• **GOAL OF THE EXERCISE**
Taking the line with "去年一季度高位过后,中财期货" as the first and the line with "1、點(diǎn)擊【綠色書" as the last, set down the lines below exactly, pictures excluded.

• **AVAILABLE DATA**
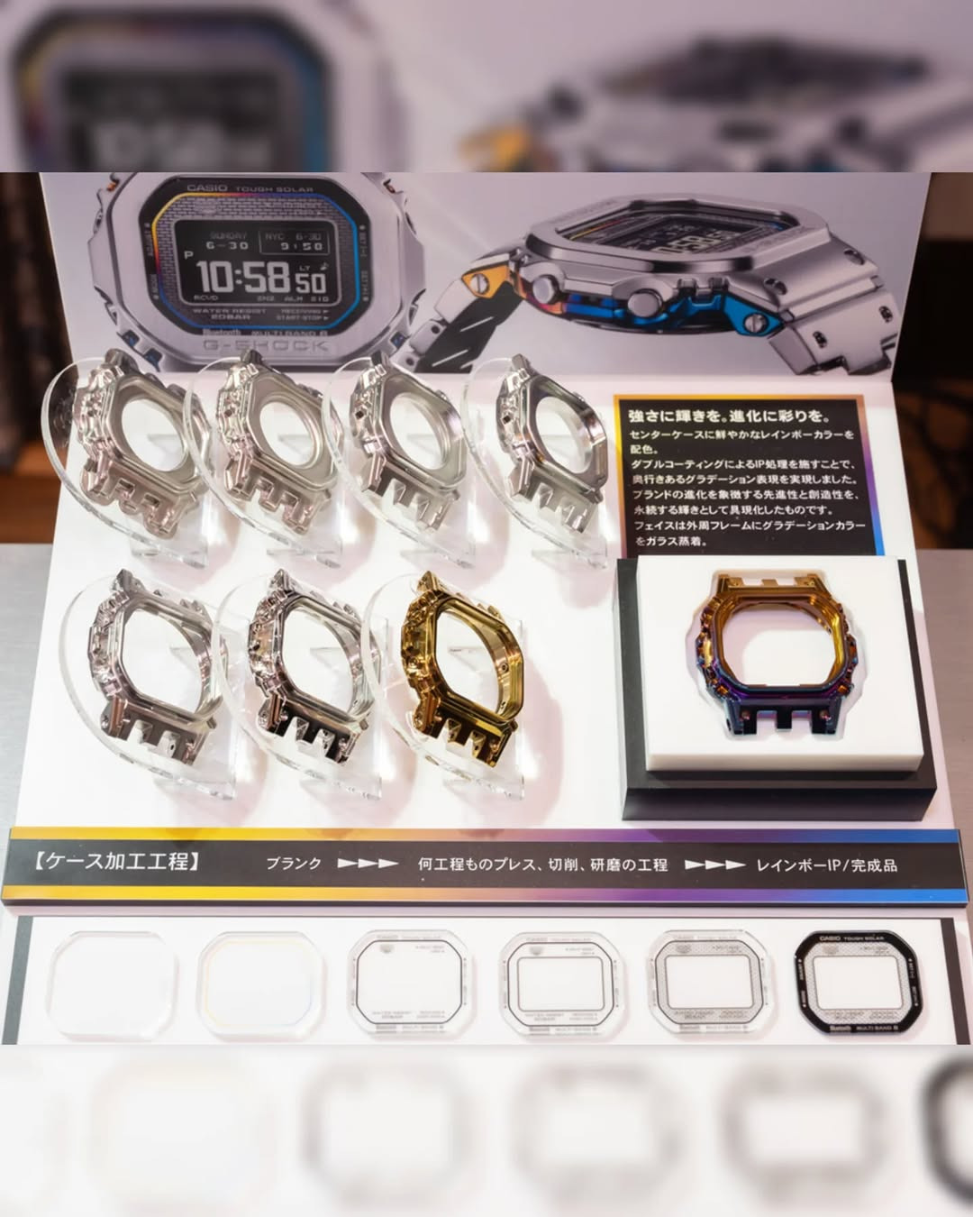 Jedno z wyraźniejszych ujęć pokazuje również warstwową konstrukcję koperty. Wiele niedokończonych metalowych powłok jest wyświetlanych obok ukończonej jednostki poddanej obróbce tęczowej, aby zobrazować wieloetapowy proces obróbki i wykończenia. Profil boczny pokazuje kolejny szczegół, który wcześniej nie był tak oczywisty. Bezel, obudowa i wewnętrzna struktura wydają się być bardziej podzielone na segmenty niż w starszych modelach GMW-B5000. Istnieją bardzo wyraźne przejścia między polerowanymi stalowymi powierzchniami a kolorową ramą wewnętrzną. Śruby i przyciski również nieznacznie kontrastują tonem.
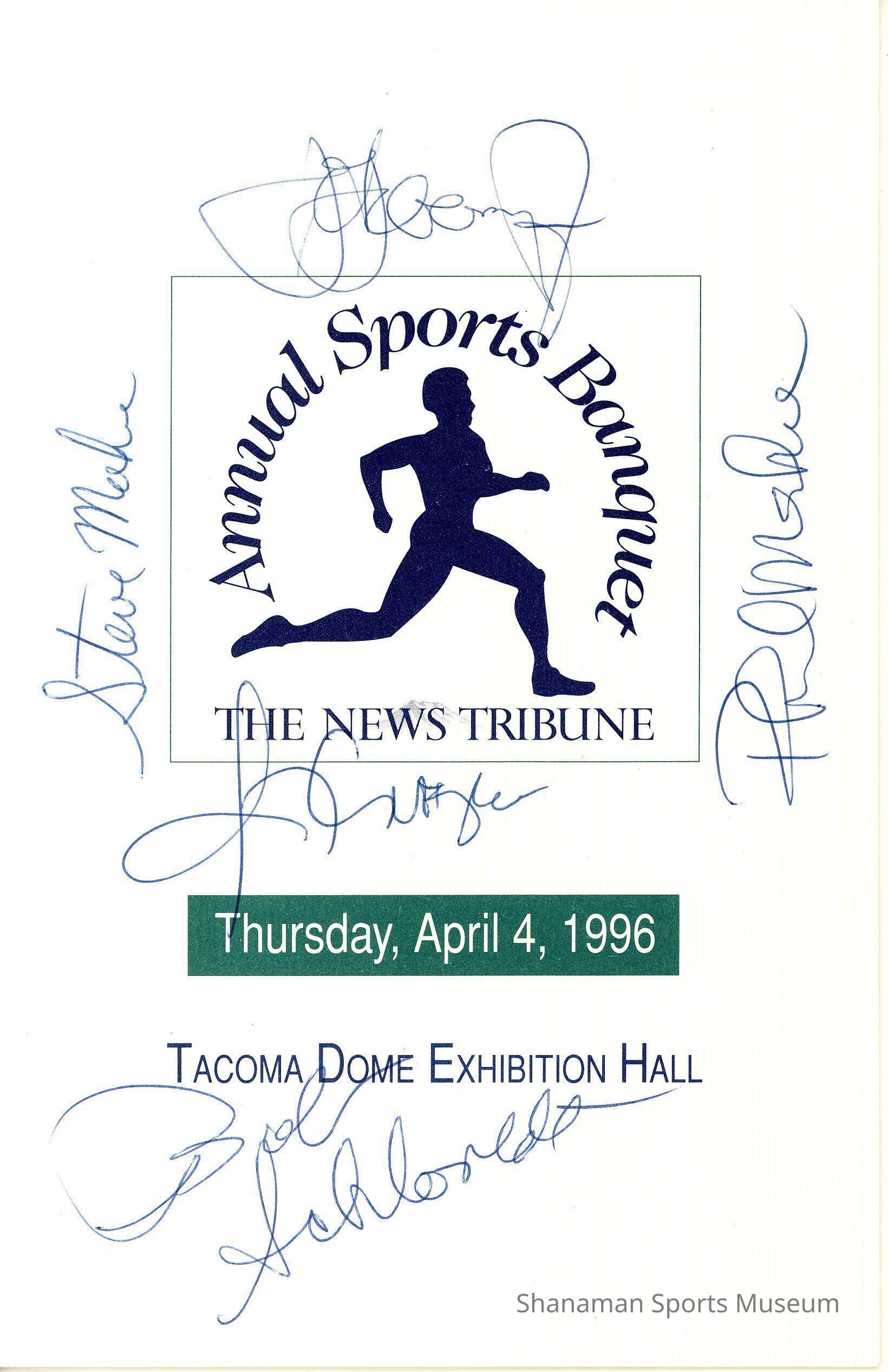 Program- Annual Sports Banquet, The News Tribune, Tacoma Dome Exhibition Hall, April 4, 1996. Cover signed by Phil Mahre, Steve Mahre, Ahmad Rashad, Stan Sayers, Bob Schloredt.
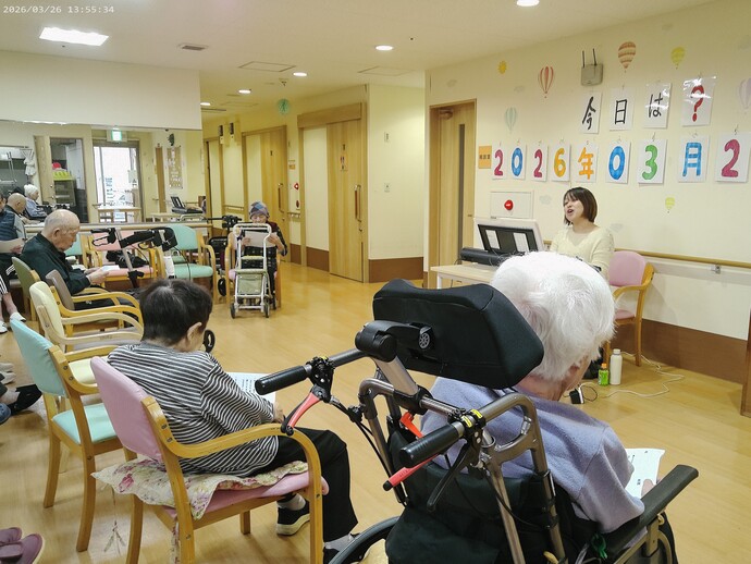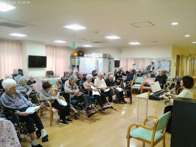 車椅子に座りながらもリズムをとったり、口ずさむだけでなく、しっかりと声を出して歌われる方も多く、会場全体が一体感に包まれていました。
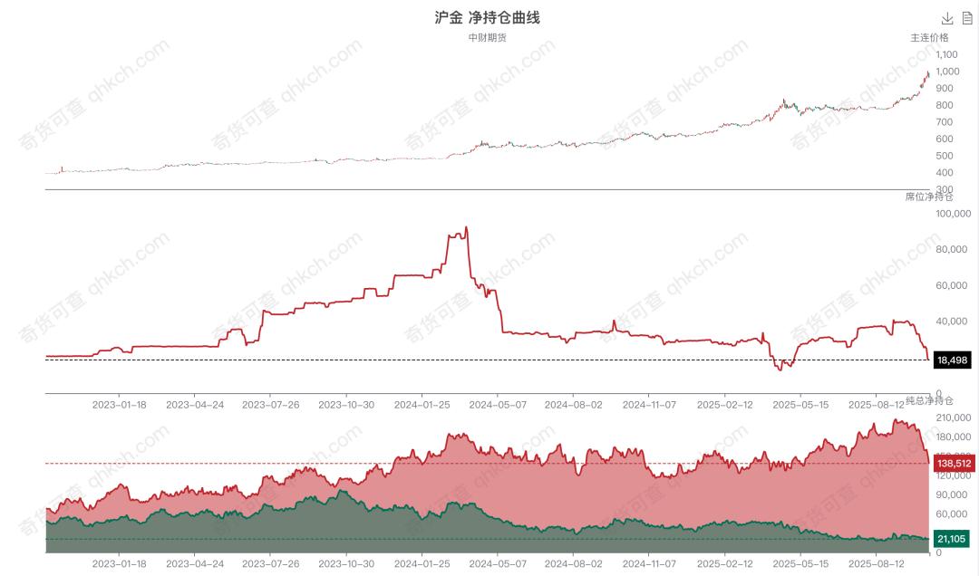 去年一季度高位过后,中财期货席位的净持仓快速减少,并在今年10 月年轻人斟酌卖掉结婚五金的时点,把黄金减到了三年最低值附近。
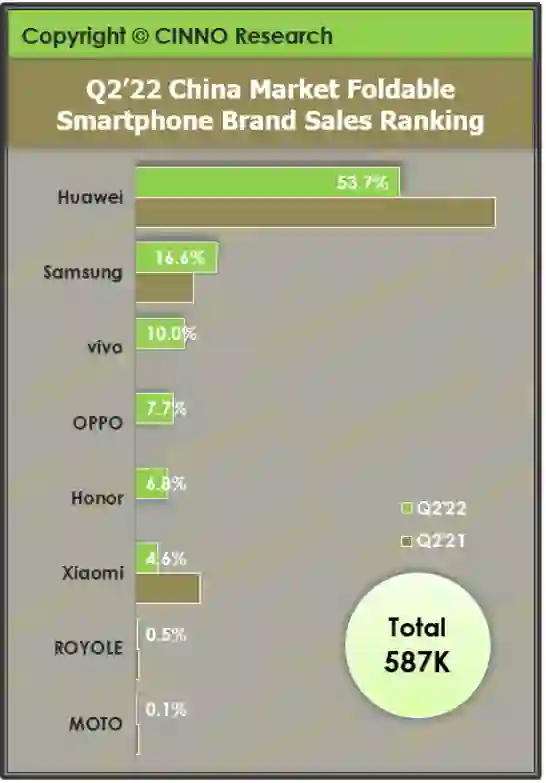 近日,CINNO Research 公布的最新报告显示,2022 上半年中国折叠手机销量超 2021 年全年,华为折叠屏销量在第二季度登顶。数据显示,2022 年第二季度中国市场折叠屏手机销量达 58.7 万部,同比大增 132.4%,上半年累计销量达 130 万部,超过 2021 年全年的 116 万部成绩。
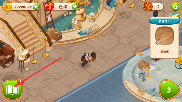 1、點(diǎn)擊【綠色書本】圖標(biāo)查看新任務(wù),通過(guò)三消闖關(guān)獲取【金幣】-【鑰匙】,解鎖【鋪地板】任務(wù)推進(jìn)莊園重建。
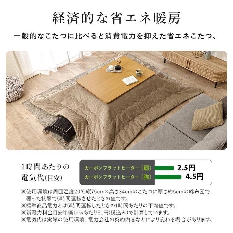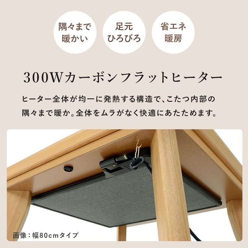 - 素材 : こたつ:<天板>天然木化粧繊維板(ナチュラル/アッシュ・ブラウン/ウォールナット)<脚部>ラバーウッド、ヒーター:MCR-301E 300W面状カーボンヒーター(電子手元コントローラー)、ふとん:< 側地><中材>ポリエステル100%
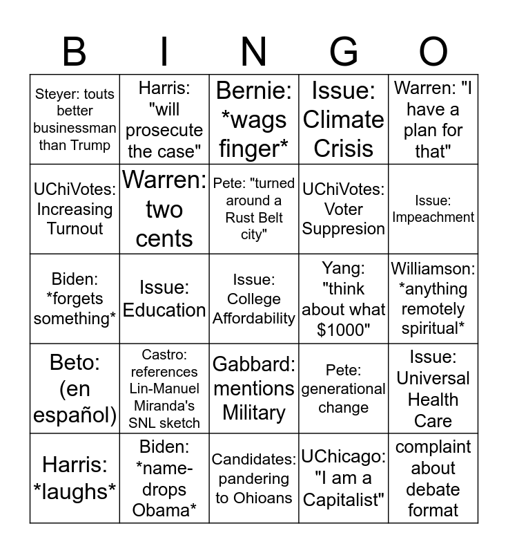 This bingo card has 34 words: complaint about debate format, UChicago: "I am a Capitalist", UChicago: "I am a Socialist", Beto: *swears*, Beto: (en español), Warren: two cents, Warren: "I have a plan for that", Harris: *laughs*, Harris: "will prosecute the case", Booker: "love" or "wholesome", Pete: "turned around a Rust Belt city", Bernie: *wags finger*, anyone mentions Trump, Bernie: says heart attack has made him stronger, Yang: "think about what $1000", Issue: Impeachment, Biden: *name-drops Obama*, Biden: *forgets something*, Castro: references Lin-Manuel Miranda's SNL sketch, Pete: generational change, Gabbard: mentions Military, Klobuchar: touts bipartisanship, Steyer: touts better businessman than Trump, Williamson: *anything remotely spiritual*, Candidates: pandering to Ohioans, Issue: College Affordability, Issue: Climate Crisis, UChiVotes: Youth Turnout, UChiVotes: Voter Suppresion, UChiVotes: Increasing Turnout, Issue: Gun Violence, Issue: Education, Issue: Universal Health Care and Issue: Immigration.
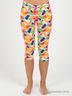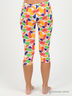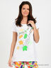 Детали: футболка - широкий круглый вырез; короткий цельнокроеный рукав; на полочке аппликация; по бокам разрезы; леггинсы - пояс на резинке; оригинальный разноцветный принт

• **REPLY TO THE TASK**
 去年一季度高位过后,中财期货席位的净持仓快速减少,并在今年10 月年轻人斟酌卖掉结婚五金的时点,把黄金减到了三年最低值附近。
 近日,CINNO Research 公布的最新报告显示,2022 上半年中国折叠手机销量超 2021 年全年,华为折叠屏销量在第二季度登顶。数据显示,2022 年第二季度中国市场折叠屏手机销量达 58.7 万部,同比大增 132.4%,上半年累计销量达 130 万部,超过 2021 年全年的 116 万部成绩。
 1、點(diǎn)擊【綠色書本】圖標(biāo)查看新任務(wù),通過(guò)三消闖關(guān)獲取【金幣】-【鑰匙】,解鎖【鋪地板】任務(wù)推進(jìn)莊園重建。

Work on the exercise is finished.